Sunday, January 12, 2014

I can't remember when I started clenching my teeth, but I catch myself doing it more and more often these days. Another bad habit, I guess. Add it to the list. I often say that home is a bad place for me to break habits, but I'm away from home again now, so it's best to be positive. Ugh. "Be positive." I hate that; I sound like Effie Trinket.

Writing isn't working. This, for instance. I half expect to look down and see the keyboard shriveling up under my hands.

I sound worse than I am, I swear. I'm not not-okay, exactly, but I feel oddly rudderless. I would like something to put my hand on. Or an envelope stuck under my door containing a letter than explains... I don't know. Something? Maybe I just need to get some sleep. Of course, if I go to sleep, the twelve-year-old girl I'm talking to might kill herself. You know. Normal people problems.

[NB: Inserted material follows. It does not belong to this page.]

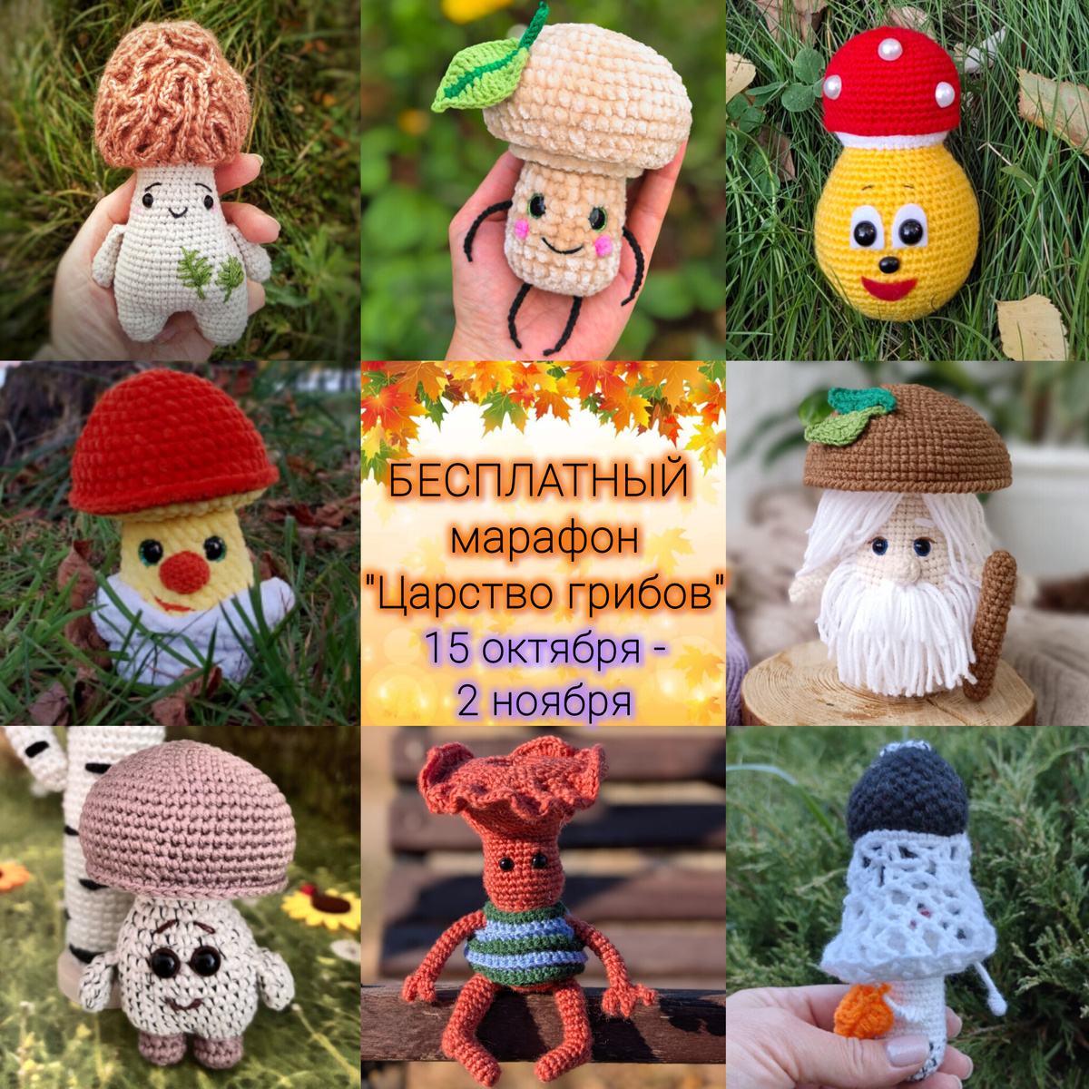 Осень - лучшее время собирать грибы! Мы приглашаем создать замечательную коллекцию съедобных и несъедобных грибов. На нашем марафоне вы свяжете 8 игрушек: 1. Лисичка 2. Мухомор 3. Шампиньон 4. Подберезовик 5. Цезарский гриб 6. Боровик 7. Сетконоска 8. Сморчок 🍁 Марафон БЕСПЛАТНЫЙ! 🍁 Старт марафона: 15 октября. 🍁 Подведение итогов: 31 октября - 02 ноября. 🍁 Присоединиться можно на любом этапе до 29 октября. 🎁 По завершению марафона вас ждут подарки от наших спонсоров! 🎁 Условия и правила участия здесь 👉https://vk.com/topic-222823357_55138006

You know what I miss? When I was little, after meeting, everyone would gather in what we called the Blue Room and sing hymns. Someone played the piano, and everyone else who wanted to would stand in a circle and sing. I'd be downstairs with the other kids, but when I heard music, I'd say "I have to go now." I'd run upstairs and into the middle of that circle, and I'd dance. Not caring what I looked like. Not caring that I was surrounded by other people who were watching. I don't know what box a fearful child like I was had in which to put that experience so I could do it, but it must have been there. I miss that. Not dancing, specifically, but I miss being someone who would.